Aside from the all-in screen, BenQ also provides a USB keyboard and mouse in the same white plastic colour as the back of the nScreen. The mouse is contoured for right-hand use, but as for the keyboard ... well, we'd throw it out if we were you. It takes most of the bad parts of the newer Apple iMac keyboards, and cranks it up to 11, with cramped keys — the arrow keys are a particular speciality and a spongy, unpleasant feel. It's standard USB all the way, though, so replacing it shouldn't be too tricky.

Features

Nettops have typically been associated with Intel's Atom processor line, but BenQ plays in the alternative camp, equipping the nScreen line with AMD Sempron 210U 1.5GHz processors. Two models are available; the 21.5-inch i221 (AU$1199) and the 18.5-inch i91 (AU$899). The i221 also comes with a side-mounted handset for VoIP calls, but as we tested the cheaper i91 variant (where it's a paid-for extra) we were unable to test this particular function. Graphics come via an ATI Radeon X1200 128MB chip, with 1GB of on-board RAM, 160GB of hard drive space and 10/100 Ethernet and standard 802.11b/g Wi-Fi. Six USB 2.0 ports are provided, although as noted, four of them are in the back and vertically mounted, which makes them challenging for any kind of USB hotswapping. An in-built 1.3-megapixel camera covers Skype duties — it's preinstalled and set to boot at start-up. In keeping with Microsoft's licensing rules, the operating system of choice is Windows XP Home.

As with other nettop options, the one key ingredient BenQ leaves out of the nScreen's recipe is an external optical drive. We get why netbooks don't ship with optical drives, but for a nettop we're less convinced, as there's never a power issue to speak of, and it seems to us a matter of vendors economising and presuming those that need them will just put up with trailing cables and an external USB burner, such as the Asus SDRW-08D1S-U External DVD-RW drive.

Performance

We really didn't like the nScreen's keyboard much, which was a pity, because otherwise the experience of using the nScreen's hardware is mostly agreeable at a light computing level. In our benchmarking tests, the nScreen scored 1863 PCMark points and 303 3DMark points, noting it solidly as a lightweight productivity machine, but certainly not something that you could arguably game or video edit on. That's solidly in line with the kind of figures we've seen from other nettop style devices.

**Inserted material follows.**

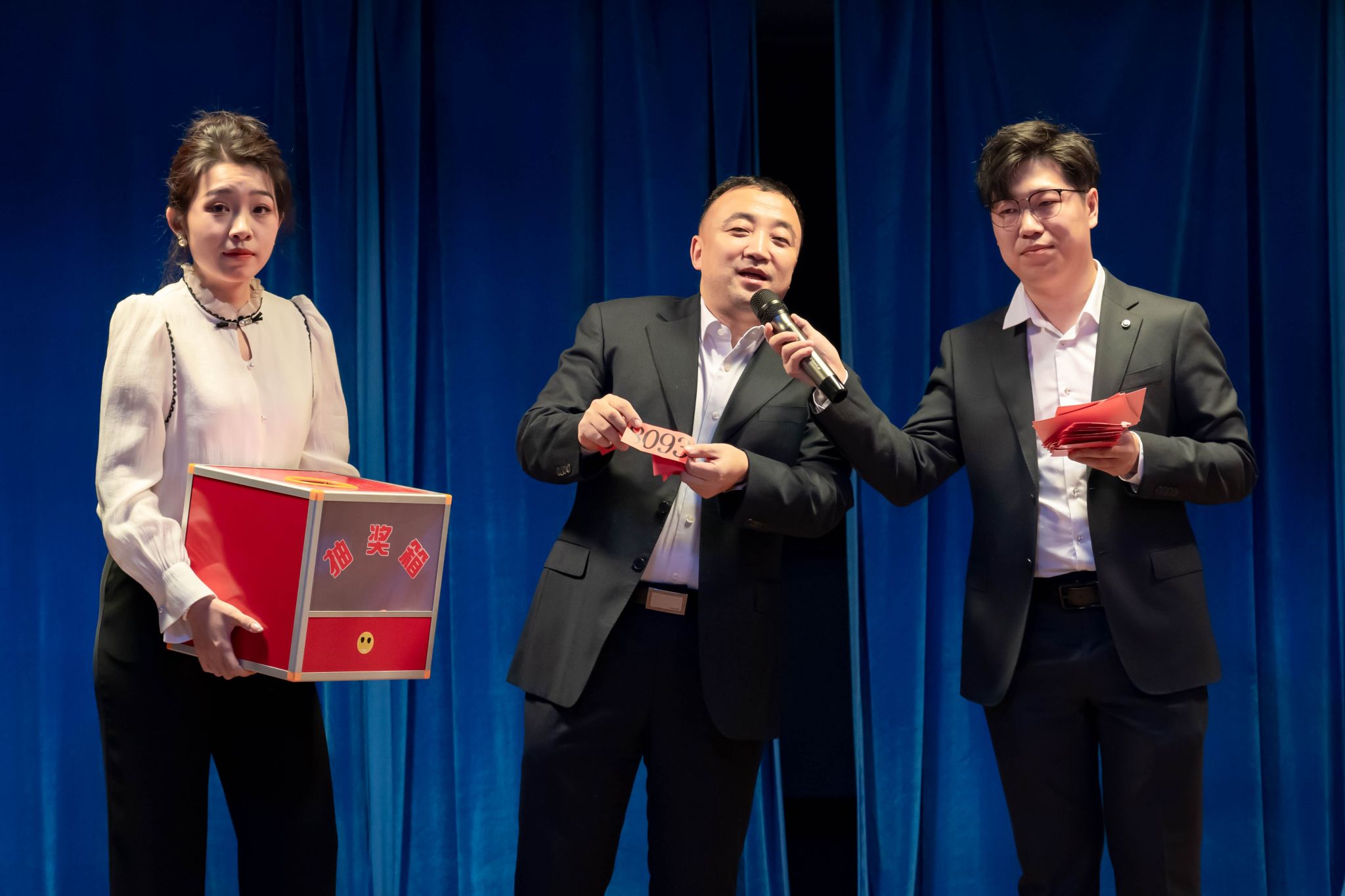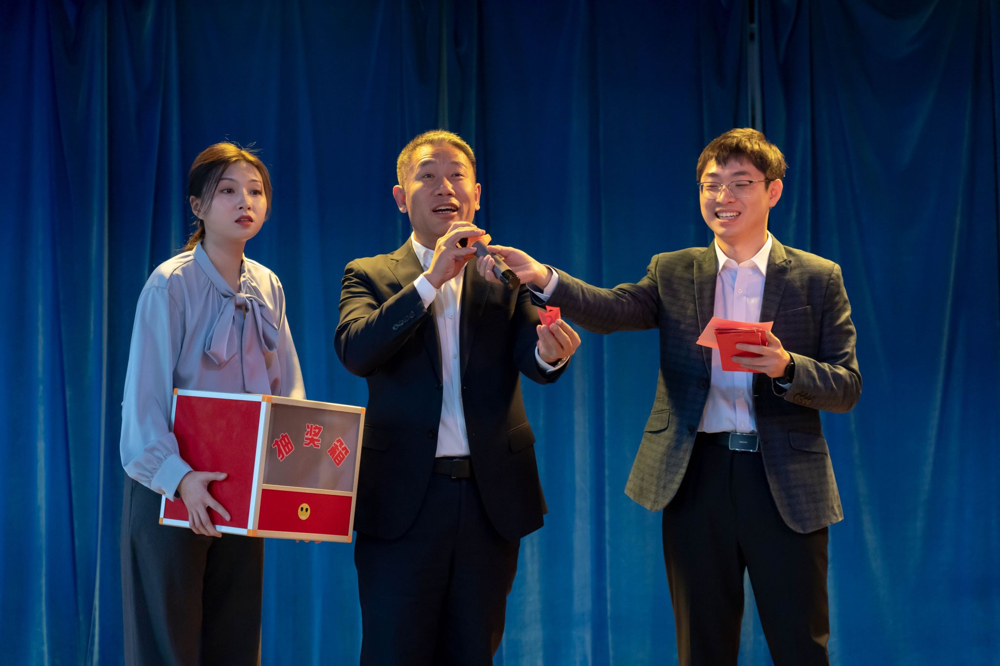 节目期间设游戏环节和抽奖环节,大家参与踊跃,现场气氛热烈。
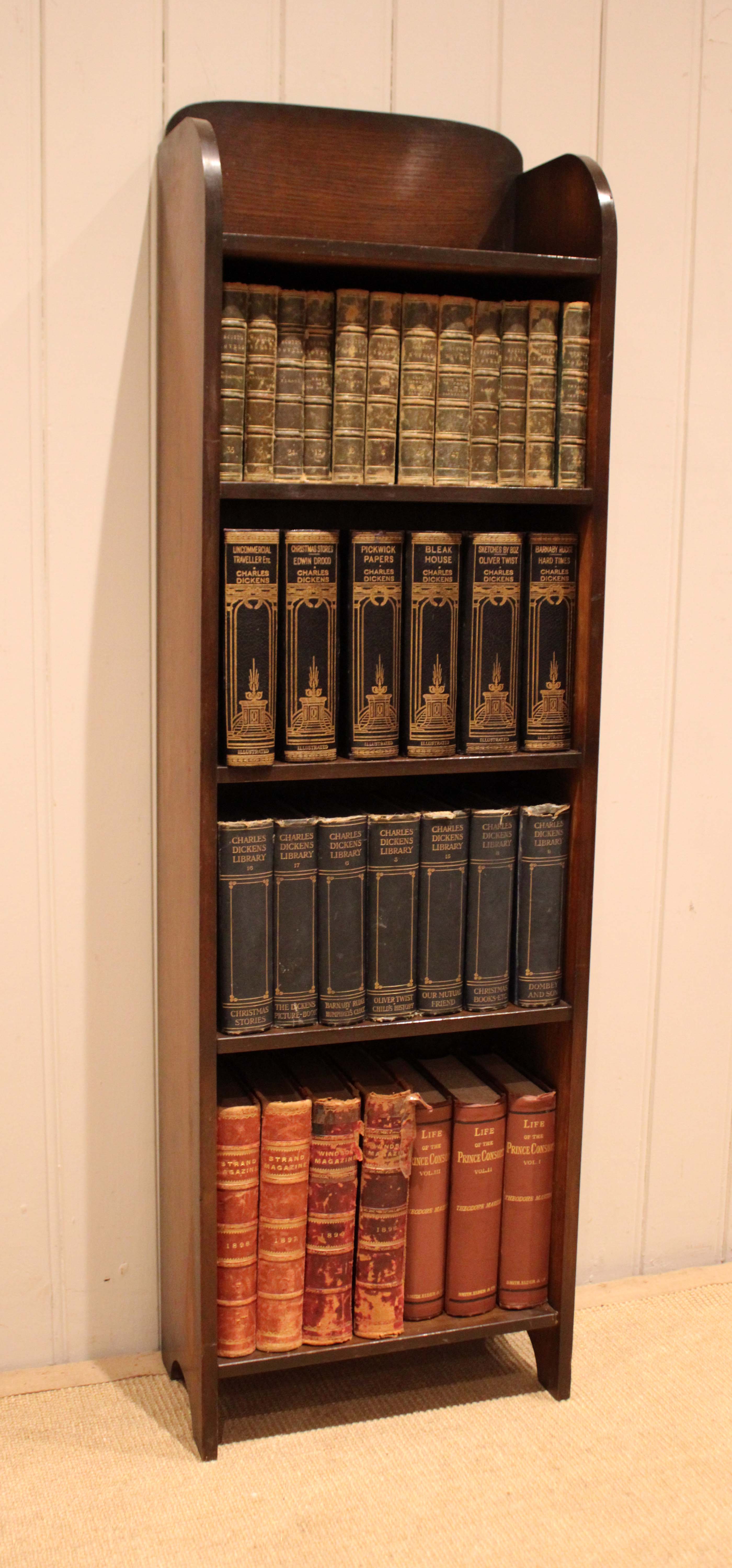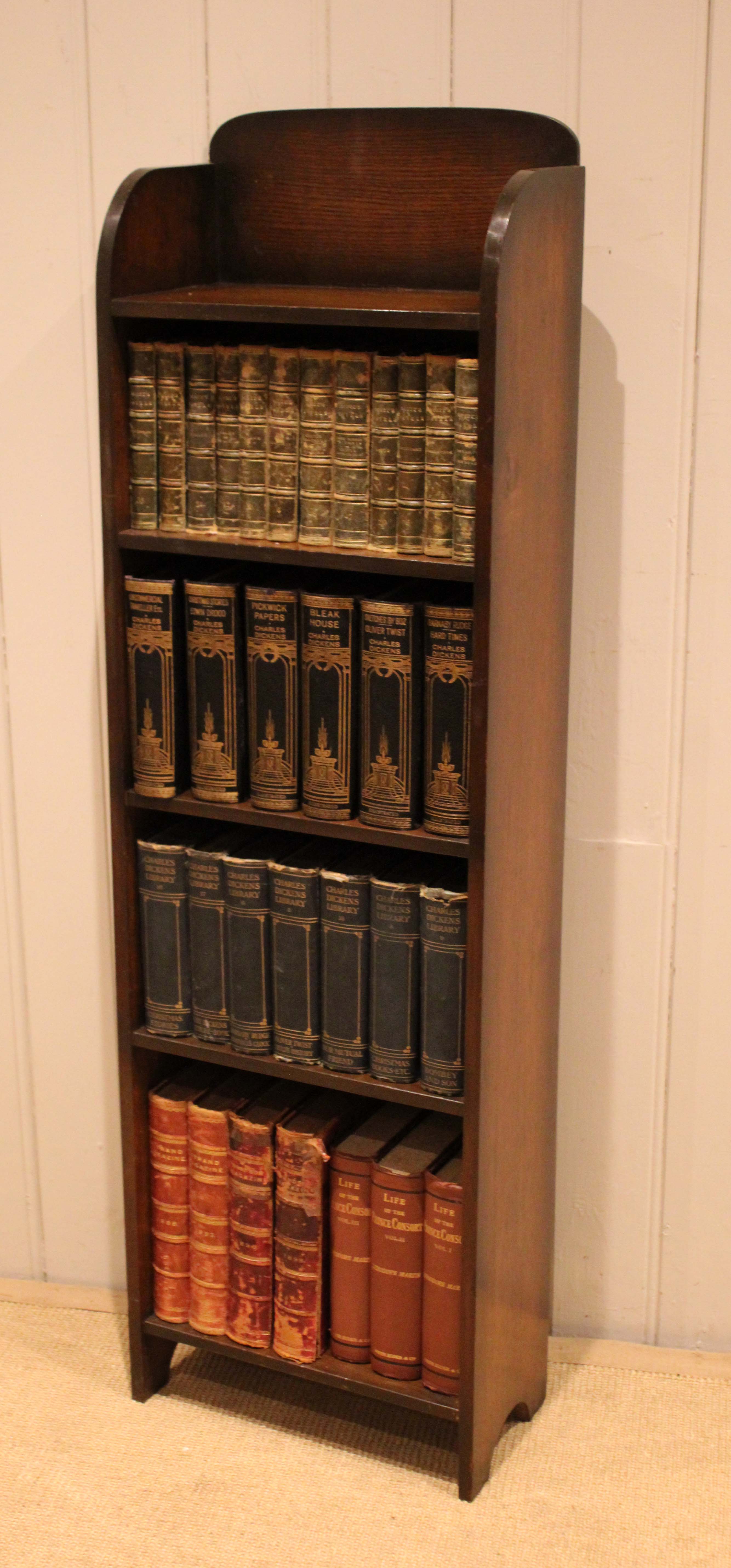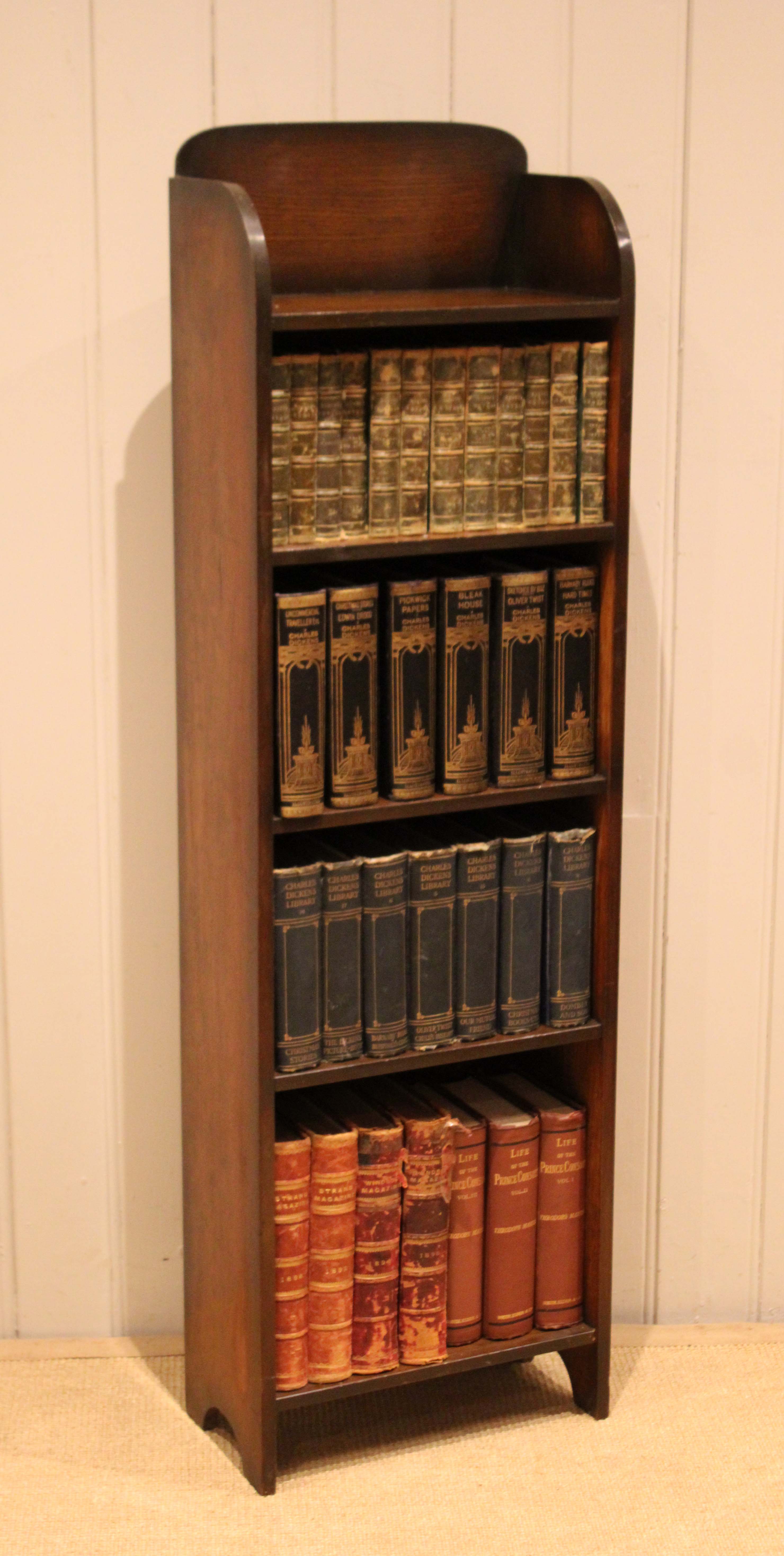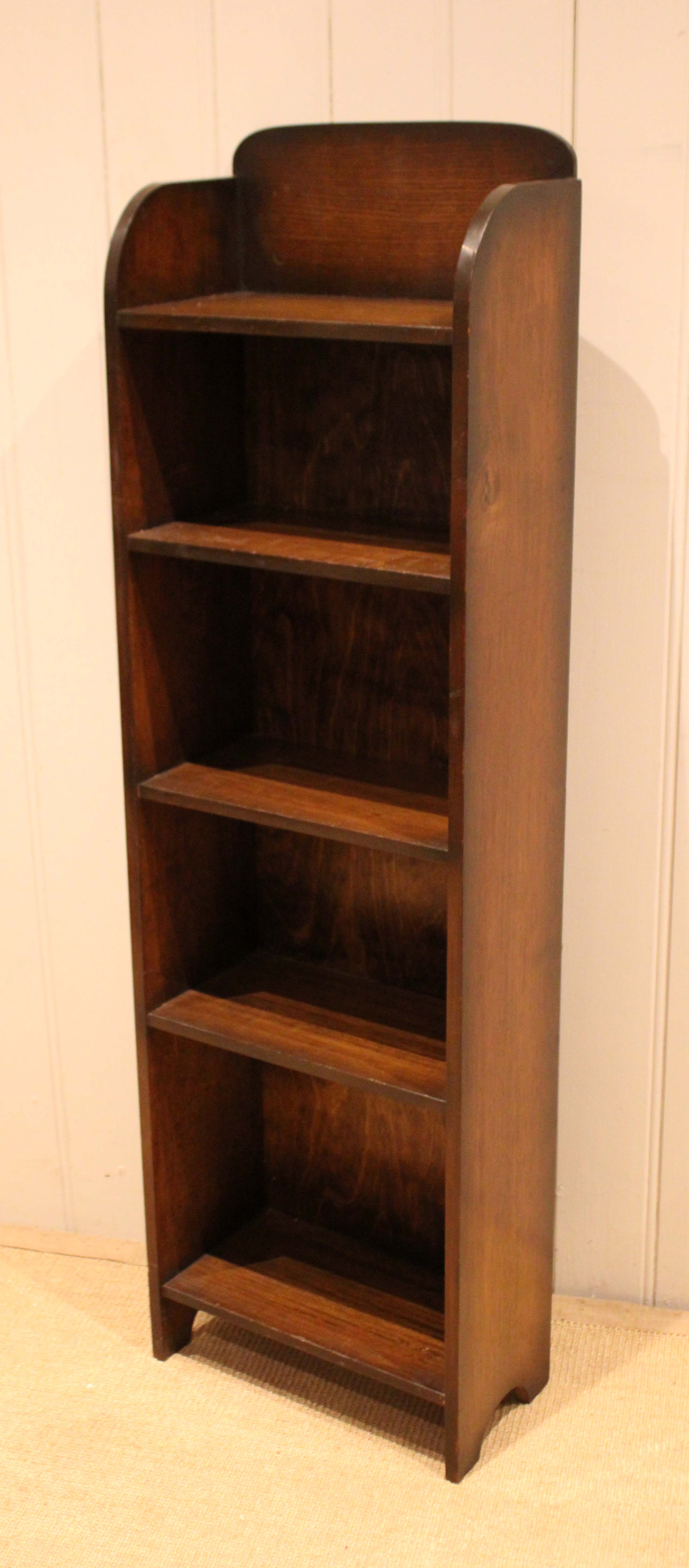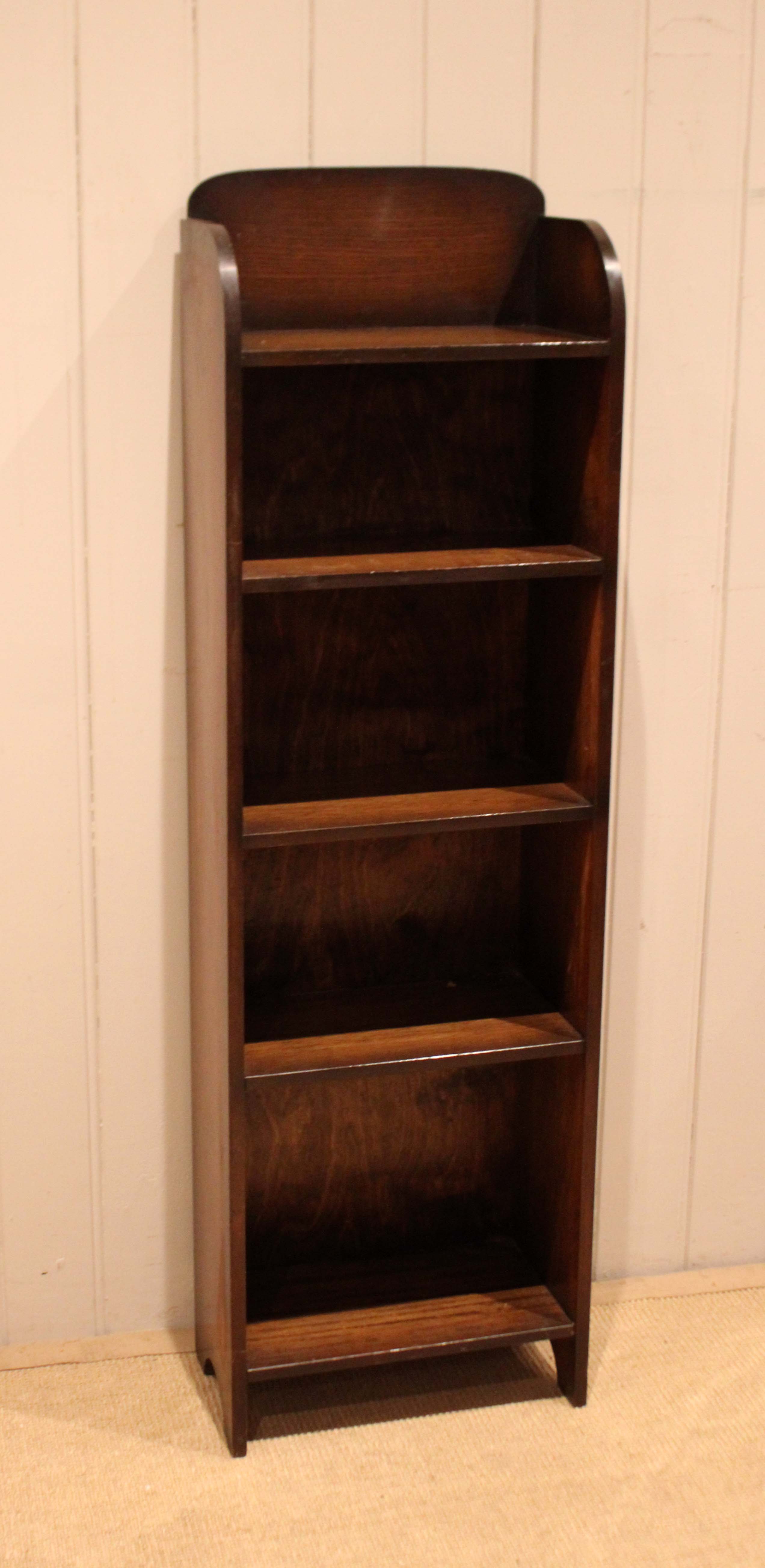 Small oak open bookcase having four fixed shelves , an arch top , raised on side bracket supports .

Using the nScreen for basic computing tasks certainly work as you'd expect, and there's a reasonable argument for a "simple" computer that doesn't involve lots of cabling or connections for a sector of the market. At AU$899 for this base model, the nScreen certainly outclasses the Eee Top for value for money. At the same time, as soon as you put it up against any of the big box makers desktop systems, the value falls away pretty sharply. It only took us a matter of minutes to find an AU$899 system for sale online that came with a monitor, twice the memory and storage and a much more capable processor and video solution. The practical upshot is that you're paying a premium for convenience and small desk space, and it's a premium paid both in cash and computing power. We can't see that this is all that viable a trade-off for a system that's going to be resolutely desk bound in most instances. As perhaps a kitchen computer or similar there's a certain argument, but that's a very niche audience.